The charges were dismissed subsequent to a March 31 preliminary hearing in Dekalb County Magistrate Court in which the two were bound over for trial on the murder charge.
“I am satisfied that they are two folks who happened to be in the wrong place at the wrong time,” said Tom Clegg, chief trial assistant district attorney for Dekalb. “If they are anything, they are witnesses and should not be defendants.”
On the night of the murder of Alfredo Jose Velo Hr., 19, Tucker, the girls were with three men who also were charged with the murder. They included self-proclaimed triggerman Urian (Ron) Kenyatta Harrison, 16; Shakeel Wahab, 17, of Stone Mountain, and James Edward Jewell, 18, of Lithonia.
The three men still face their charges of murder, kidnapping and armed robbery.
Velo was shot to death after the teenagers had met with him, allegedly to buy a gun. But instead, the men argued with Velo, ended up forcing him into the trunk of “Thomas’ car, drove for a ways, stopped, ordered him out of the trunk and argued some more. The altercation ended with Velo being killed.
Prosecutors tried to show during the hearing that Connor and Thomas had ample opportunity to leave after the crime but didn’t. But Puglise and Edwin Marger, Connor’s attorney, countered that the two girls were scared to take such an action and that even if they did get away, they were in an unfamiliar area and wouldn’t know where to go.

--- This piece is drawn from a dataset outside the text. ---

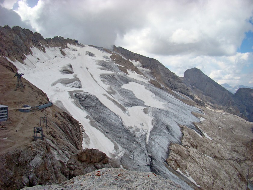 Budynek kolejki wyróżnia się na tle skał i nie grzeszy urodą. A my jak na wytrawnych alpinistów przystało 😉 wychodzimy na lodowiec, którego jęzory rozpłaczone pod granią Ombretta ciągną się do wcześniejszej stacji położonej tuż pod Punta Serauta na 2850 metrach.
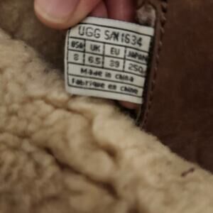 UGG women's leather boots in size 8, brown with cozy sheepskin lining. Style S/N 1634 F80070, perfect for warmth and comfort.

“Harrison, who was the person who did the shooting, at the bond hearing testified that he had cut Amy with a knife and had told them to say nothing,” Marger said.
He also had the keys to the car at all times, they were in an area they were completley unfamiliar with and (before the shooting) they had no idea what was happening.”
Now that Connor is out of jail, she hopes to get on with her life and put the whole episode behind her, said Marger, whose practice is in Jasper.
“She’s going to attempt to go back to school. She’s done nothing wrong and I imagine the school would welcome her back,” Marger said. “She, hopefully, will be going into the Navy after she graduates.”
Marger said Connor should be able to graduate.